Want to Identify, Extract and Normalize Adverse Drug Reactions in Tweets? Use RoBERTa
This work addresses the problem of monitoring drug safety from social media data for healthcare applications, but it is incremental as it applies an existing method to a specific shared task.
The paper tackled identifying, extracting, and normalizing adverse drug reactions (ADRs) in tweets using RoBERTa, achieving F1-scores of 58% for classification (12% above average) and up to 70.1% for extraction (13.7% above average).

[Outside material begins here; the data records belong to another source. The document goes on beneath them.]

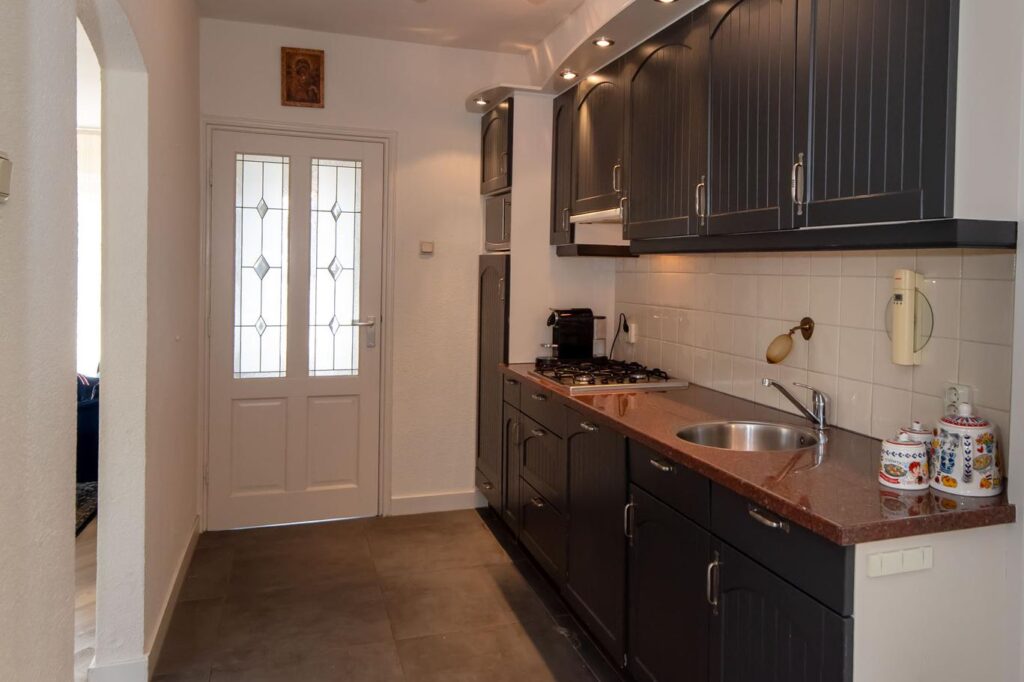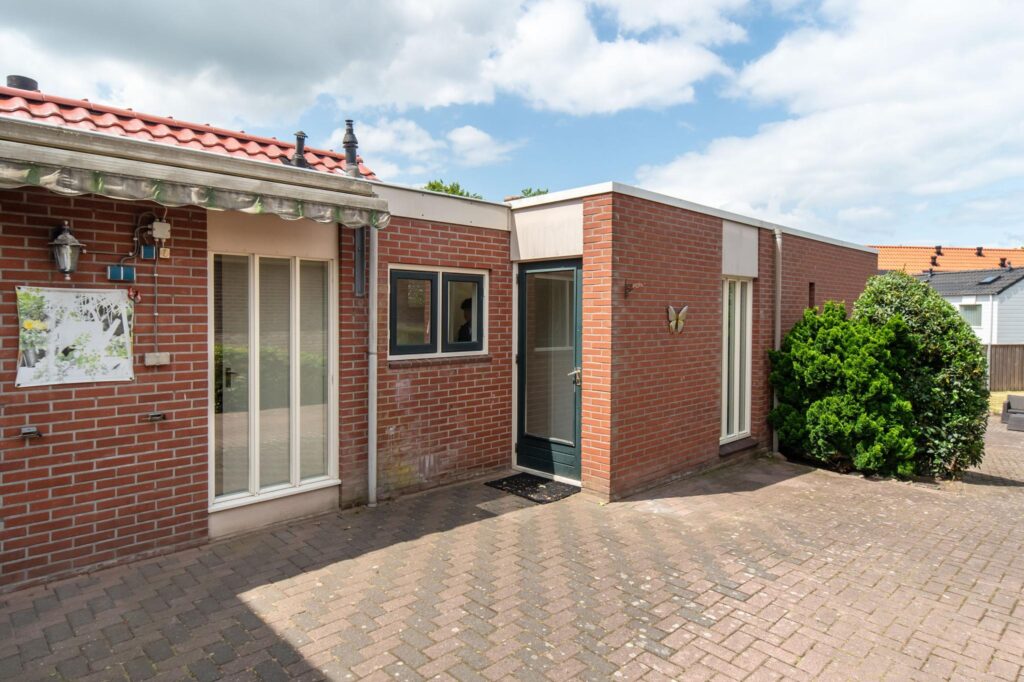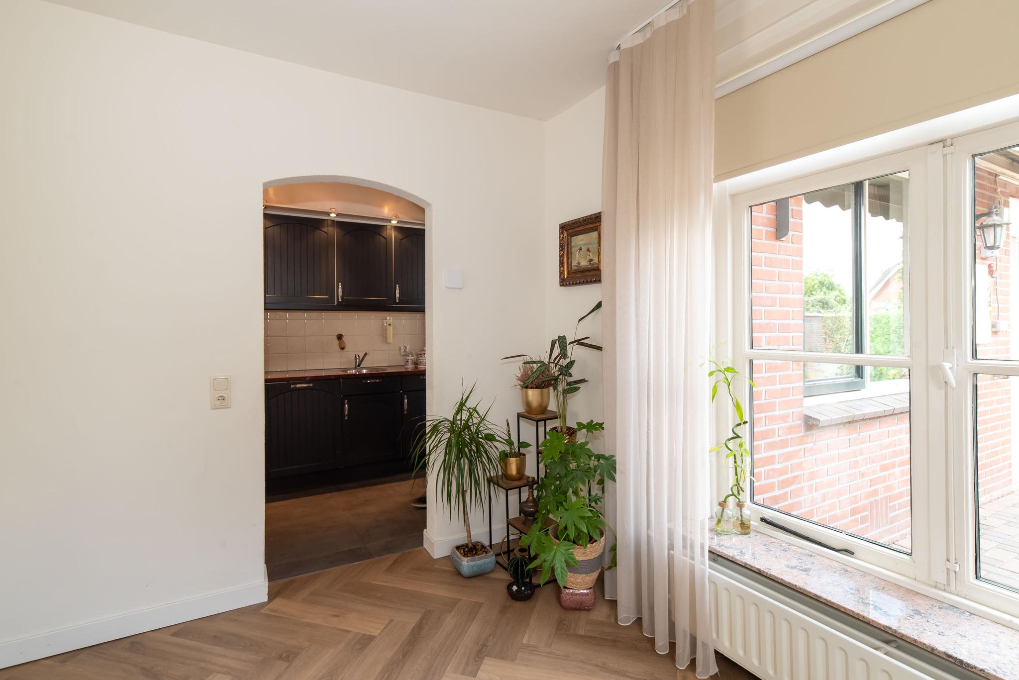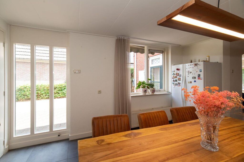 De woonkeuken is uitgebouwd en biedt daardoor ruimte voor een grote eettafel voor het hele gezin. De keuken is voorzien van inbouwapparatuur, zoals een gaskookplaat, vaatwasser, koelkast, magnetron en voldoende kastruimte. Vanuit de woonkeuken bereik je de gang en de woonkamer. De woonkamer heeft een visgraat pvc-vloer en veel lichtinval dankzij de grote raampartijen. In de gang heb je toegang tot de slaapkamer, inloopkast, het tweede toilet, de was- en stookruimte en de deur naar de tuin. De tuin is ingericht met een grasmat en een betegeld terras.
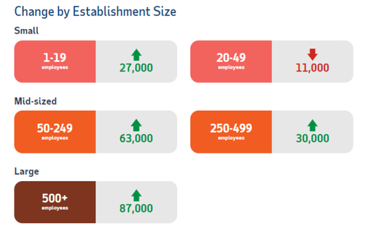 从公司规模看,人数规模在50-249人的中型企业就业人数增长最多,达到6.3万人,20-49人的小型企业就业人数减少,减少1.1万人。
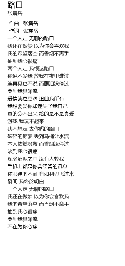 | [01:34.868] | 我不想走 去你妈的路口 |
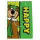 Mit diesem fröhlichen Yogi Bären-Design verteilen Sie Positivität! Mit seinem klassischen Grinsen, seinem grünen Hut und seiner Krawatte und dem fetten Wort "GLÜCKLICH" vereint dieses lebendige Kunstwerk den spielerischen Charme des Lieblingsbären des Jellystone Parks. Das auffallende Grün- und Gelbtönsystem, kombiniert mit einem Retro-Animationsstil, macht dieses Design perfekt für nostalgische Cartoon und lustige Charaktere. Bringen Sie mit dieser fröhlichen und energischen Illustration das ansteckende Glück des Yogi Bären zu Ihren Lieblingsprodukten!
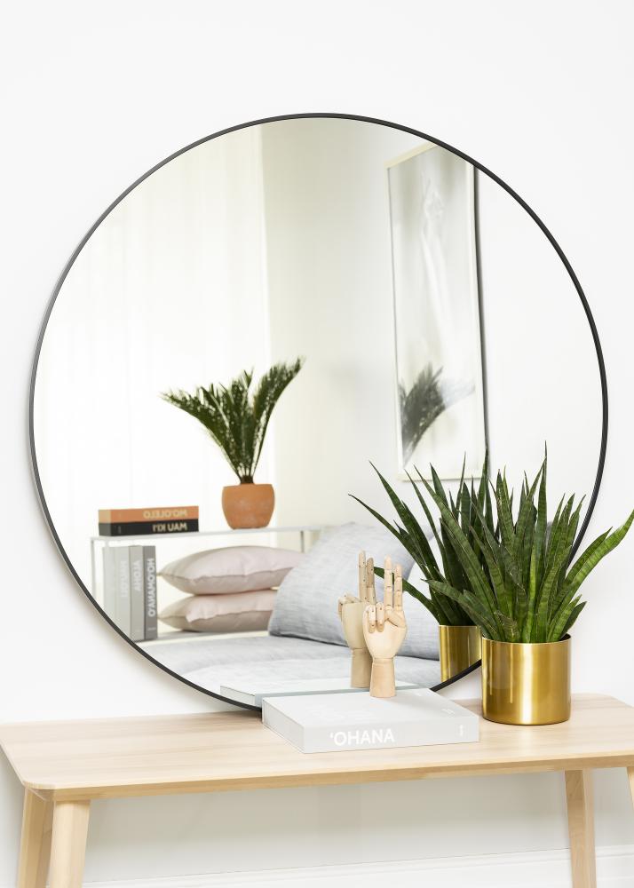 KAILA Кръгло Огледало Edge Черно е кръгло огледало със стилна тънка метална рамка, оцветена в матово черно, което придава индустриален и модерен вид. Рамката има – в зависимост от размера – дълбочина между 30-40 мм, което прави така, че огледалното стъкло излиза малко над стената и създава впечатляващ 3D ефект. Дълбочината на рамката също така прави огледалото да изглежда стабилно, като същевременно запазва минималистичния си вид. Перфектно кръгло огледало, което можете да поставите във всяка стая, в която искате да добавите функционалност и стилен шведски дизайн!

This paper presents our approach for task 2 and task 3 of Social Media Mining for Health (SMM4H) 2020 shared tasks. In task 2, we have to differentiate adverse drug reaction (ADR) tweets from nonADR tweets and is treated as binary classification. Task3 involves extracting ADR mentions and then mapping them to MedDRA codes. Extracting ADR mentions is treated as sequence labeling and normalizing ADR mentions is treated as multi-class classification. Our system is based on pre-trained language model RoBERTa and it achieves a) F1-score of 58% in task2 which is 12% more than the average score b) relaxed F1-score of 70.1% in ADR extraction of task 3 which is 13.7% more than the average score and relaxed F1-score of 35% in ADR extraction + normalization of task3 which is 5.8% more than the average score. Overall, our models achieve promising results in both the tasks with significant improvements over average scores.